Multi-Objective Optimization of Building Energy Saving Based on the Randomness of Energy-Related Occupant Behavior

Abstract

Given the escalating global energy demand driven by building energy consumption, this study is dedicated to meticulously investigating efficient energy-saving strategies in buildings, with a keen focus on the impact of occupant behavior’s randomness on energy efficiency and multi-objective optimization. The methodology encompassed a thorough analysis of various energy consumption factors, including building envelope and architectural form. We employed Latin Hypercube Sampling for in-depth sampling studies across each factor’s reasonable range. Utilizing Sobol sensitivity analysis, we pinpointed variables of high sensitivity and embarked on multi-objective optimization targeting two primary indicators: energy consumption and thermal comfort. Leveraging the NSGA-II algorithm, we adeptly identified optimal solutions, culminating in the proposition of building energy-saving strategies anchored on the Pareto frontier.
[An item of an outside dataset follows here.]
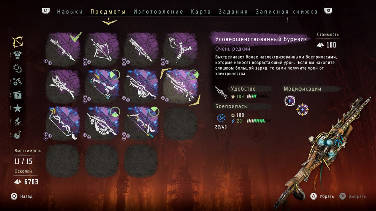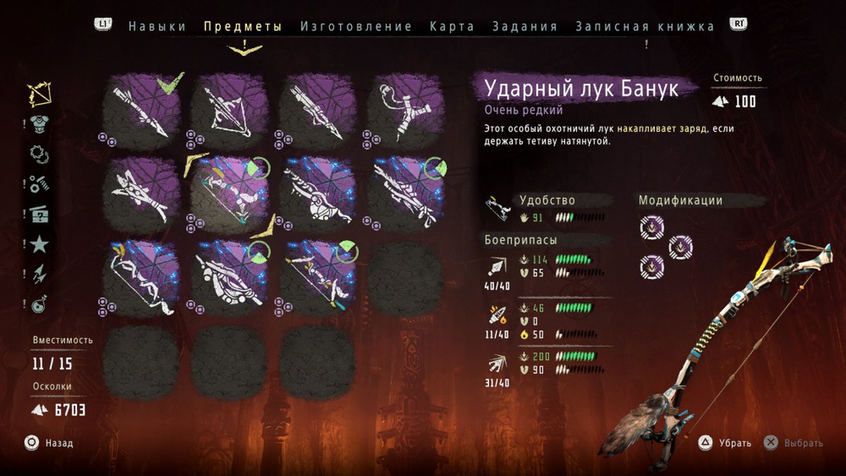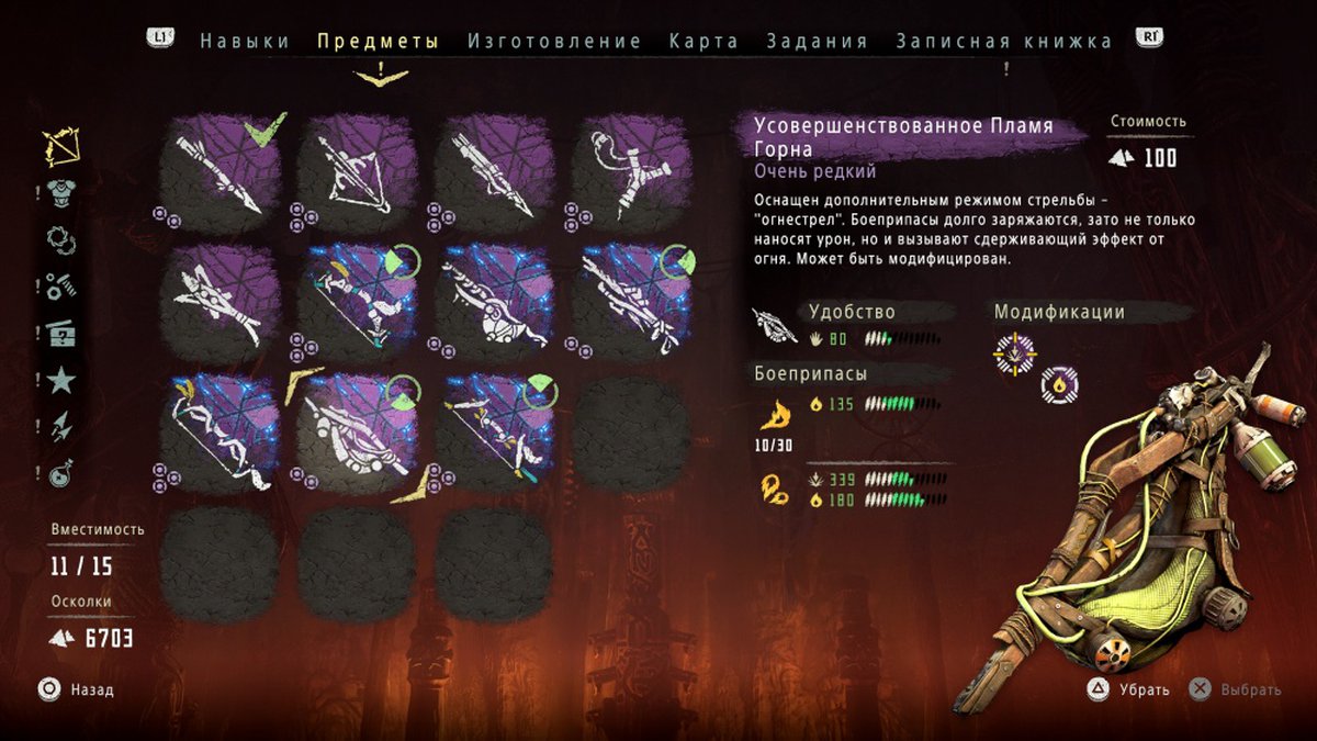 Найденное оружие стоит улучшить. В The Frozen Wilds этим занимается Варга из Длинной Засечки - вы познакомитесь с местной мастерицей во время прохождения основной сюжетной линии дополнения. Для Элой Варга работает бесплатно: чтобы превратить Пламя Горна в Усовершенствованное Пламя Горна вам нужно подстрелить несколько Бурдюков и принести ей недостающие детали.

Through stochastic modeling simulations of occupant behavior in window opening and air conditioning usage, a comparison was made with models that do not consider occupant behavior. It was found that incorporating occupant behavior into energy-saving designs can reduce energy consumption by up to 20.20%, while ensuring thermal comfort. This approach can achieve improved energy efficiency and indoor comfort.